Michael Haeberlen wrote:Sorry, the method in EMFEditObservables has to be changed to:
public IObservable createObservable(Object target)
{
if (eStructuralFeature.getEContainingClass().isSuperTypeOf(((EObject) target).eClass()))
{
return observeList(realm, domain, (EObject)target, eStructuralFeature);
}
return new EmptyObservableList(realm, eStructuralFeature);
}
i.e. we must not return null here.
Michael
Michael Haeberlen wrote:Hi,
I am using a org.eclipse.jface.databinding.viewers.ObservableListTreeContentProvider as content provider in my master tree view. I use a IObservableFactory which provides a combination of two IObservableList lists like follows:
public IObservable createObservable(Object target) {
final IObservableList list1 = EMFEditObservables.observeList(domain, target, XYZPackage.Literals.TARGET_FEATURE1);
final IObservableList list2 = EMFEditObservables.observeList(domain, target, XYZPackage.Literals.TARGET_FEATURE2);
return new UnionList(new IObservableList[] {categoryList, childList});
return new ComputedList() {
protected List calculate() {
List list = new ArrayList(list1.size()+list2.size());
list.addAll(list1);
list.addAll(list2);
return list;
}
};
}
So now I have objects in my tree which represent different features, and so I have different details pages.

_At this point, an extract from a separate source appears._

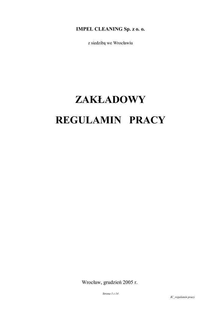 IMPEL CLEANING Sp. z o. o. z siedzibą we Wrocławiu ZAKŁADOWY REGULAMIN PRACY Wrocław, grudzień 2005 r. Strona 1 z 14 IC_regulamin pracy SPIS TREŚCI ROZDZIAŁ I. POSTANOWIENIA OGÓLNE........................................................................................... 2 ROZDZIAŁ II. OBOWIĄZKI PRACOWNIKÓW, OBOWIĄZKI PRACODAWCY.............................. 2 ROZDZIAŁ III. CZAS PRACY PRACOWNIKÓW.................................................................................... 4 ROZDZIAŁ IV. ORGANIZACJA PRACY PRACOWNIKÓW.................................................................. 7 ROZDZIAŁ V. TERMIN, MIEJSCE I CZAS WYPŁATY WYNAGRODZENIA ..................................... 8 ROZDZIAŁ VI. ZASADY USPRAWIEDLIWIANIA NIEOBECNOŚCI W PRACY ............................... 8 ORAZ UDZIELANIA PRACOWNIKOM ZWOLNIEŃ OD PRACY.......................................................... 8 ROZDZIAŁ VII. URLOPY........................................................................................................................... 9 ROZDZIAŁ IX. ODPOWIEDZIALNOŚĆ MATERIALNA PRACOWNIKÓW...................................... 11 ROZDZIAŁ X. OBOWIĄZKI DOTYCZĄCE BEZPIECZEŃSTWA I HIGIENY PRACY .................... 12 ORAZ OCHRONY PRZECIWPOŻAROWEJ ........................................................................................... 12 ROZDZIAŁ XI. PROFILAKTYCZNA OCHRONA ZDROWIA PRACOWNIKÓW.............................. 14 ROZDZIAŁ XII. POSTANOWIENIA KOŃCOWE .................................................................................. 14 ZAŁĄCZNIK NR 1A DO ZRP. WYKAZ PRAC SZCZEGÓLNIE UCIĄŻLIWYCH LUB SZKODLIWYCH DLA ZDROWIA KOBIET. ZAŁĄCZNIK NR 2 DO ZAKŁADOWEGO REGULAMINU PRACY. RÓWNE TRAKTOWANIE W ZATRUDNIENIU. ROZDZIAŁ I. Postanowienia ogólne Na podstawie art.104 §1 ustawy z dnia 26 czerwca 1974r. Kodeks Pracy (Dz.U. z 1974, nr 24, poz. 141 z późn. zm.), Rozporządzenia Ministra Pracy Płacy i Polityki Socjalnej z dnia 15.05.1996r. w sprawie sposobu usprawiedliwiania nieobecności w pracy i udzielania pracownikom zwolnień od pracy (Dz.U. z 1996, nr 60 poz. 281), ustawy z dnia 27.08.1997r. o rehabilitacji zawodowej i społecznej oraz zatrudnianiu osób niepełnosprawnych (Dz.U. nr 123 poz. 776 z późn. zmianami) ustala się, co następuje: 1. Zakładowy Regulamin Pracy ma zastosowanie do Pracowników Impel Cleaning Sp. z o. o., zwanej w dalszej części Pracodawcą, zatrudnionych na podstawie umowy o pracę. 2. Umowa o pracę powinna zostać zawarta na piśmie i określać strony umowy, rodzaj umowy, datę jej zawarcia oraz warunki pracy i płacy, w szczególności: rodzaj pracy, miejsce wykonywania pracy, wynagrodzenie za pracę odpowiadające rodzajowi pracy, ze wskazaniem składników wynagrodzenia, wymiar czasu pracy i termin rozpoczęcia pracy. Do dokonywania czynności prawnych wynikających ze stosunku pracy w imieniu pracodawcy uprawniona jest osoba, która została do tego upoważniona w drodze udzielonego pełnomocnictwa lub powierzonego zakresu obowiązków zatwierdzonego przez osoby uprawnione do reprezentowania Spółki zgodnie z wpisem w Krajowym Rejestrze Sądowym. 3. Zakładowy Regulamin Pracy, zwany dalej Regulaminem, obowiązuje wszystkich Pracowników bez względu na rodzaj wykonywanej pracy i zajmowane stanowisko. ROZDZIAŁ II. Obowiązki Pracowników, obowiązki Pracodawcy 1. Do podstawowych obowiązków każdego Pracownika wynikających z zakresu powierzonych mu obowiązków należy: 1.1 wykorzystanie w pełni czasu pracy na realizację obowiązków zawodowych, Strona 2 z 14 IC_regulamin pracy 1.2 rzetelne i efektywne wykonywanie pracy oraz dążenie do uzyskiwania jak najlepszych wyników w pracy, 1.3 przestrzeganie ustalonego w spółce czasu pracy i porządku, 1.4 dokładne i sumienne wykonywanie poleceń przełożonych, 1.5 przestrzeganie przepisów i zasad bezpieczeństwa i higieny pracy oraz przepisów przeciwpożarowych, 1.6 dbanie o dobro i mienie spółki oraz używanie go zgodnie z przeznaczeniem, 1.7 przestrzeganie przepisów o zwalczaniu nieuczciwej konkurencji i tajemnicy pracodawcy, 1.8 dążenie do uzyskania w pracy jak najlepszych wyników i przejawiania w tym celu odpowiedniej inicjatywy, 1.9 przestrzeganie zasad współżycia społecznego, 1.10 niepalenie papierosów na terenie spółki poza miejscami wyznaczonymi. 1.11 wykorzystywanie narzędzi pracodawcy, w tym komputera i poczty elektronicznej, wyłącznie do celów służbowych. 1.12 nie używanie słów wulgarnych, niegrzecznych ani niestosownych w stosunku do przełożonych, współpracowników oraz osób trzecich 1.13 nie przyjmowanie na adres zakładu pracy prywatnej korespondencji 1.14 nie wykorzystywanie wewnętrznego obiegu poczty do nadawania prywatnej korespondencji Za szczególnie rażące naruszenie ustalonego porządku i dyscypliny pracy uważa się w szczególności: 2.1 złe i niedbałe wykonywanie pracy oraz niszczenie mienia spółki, 2.2 wykonywanie w służbowym czasie pracy, prac nie związanych z zadaniami wynikającymi ze stosunku pracy, 2.3 zakłócanie porządku i spokoju w miejscu pracy, 2.4 opuszczanie miejsca pracy bez usprawiedliwienia i spóźnianie się do pracy, 2.5 stawianie się do pracy w stanie po użyciu alkoholu lub spożywanie alkoholu w czasie pracy lub w miejscu pracy, 2.6 niewykonywanie poleceń służbowych przełożonych, 2.7 niewłaściwy stosunek do przełożonych i pozostałych pracowników, 2.8 nieprzestrzeganie przepisów i zasad bhp oraz przepisów przeciwpożarowych, 2.9 wyrządzenie zakładowi szkody lub zagarnięcie mienia spółki (kradzież mienia lub współudział w kradzieży), 2.10 rozpowszechnianie informacji, których ujawnienie mogłoby narazić Pracodawcę na szkodę, w tym dotyczących wynagrodzenia za pracę, jako chronionych prawnie dóbr osobistych Pracowników, 2.11 nieterminowe załatwianie dokumentów, 2.12 naruszenie tajemnicy Pracodawcy. 2. 3. Pracodawca ma prawo rozwiązać z Pracow

In the details pages, I have code like this:
IObservableValue selection = ViewersObservables.observeSingleSelection(viewer); //viewer is the master view tree viewer
EMFEditObservables.observeDetailList(realm, domain, selection, XYZPackage.Literals.FEATURE_OF_SELECTION));
And here is my problem: EMFEditObservables uses a IObservableFactory which assumes that the target (=selection) is always an EObject having the specified feature:
public IObservable createObservable(Object target)
{
return observeList(realm, domain, (EObject)target, eStructuralFeature);
}
If the above method was changed to the following:
public IObservable createObservable(Object target)
{
if (eStructuralFeature.getEContainingClass().isSuperTypeOf(((EObject)target).eClass()))
{
return observeList(realm, domain, (EObject)target, eStructuralFeature);
}
return null;
}
then my problem is gone.
Before opening a bug I just wanted to ask if this is the right way to solve it or if I should have done something different?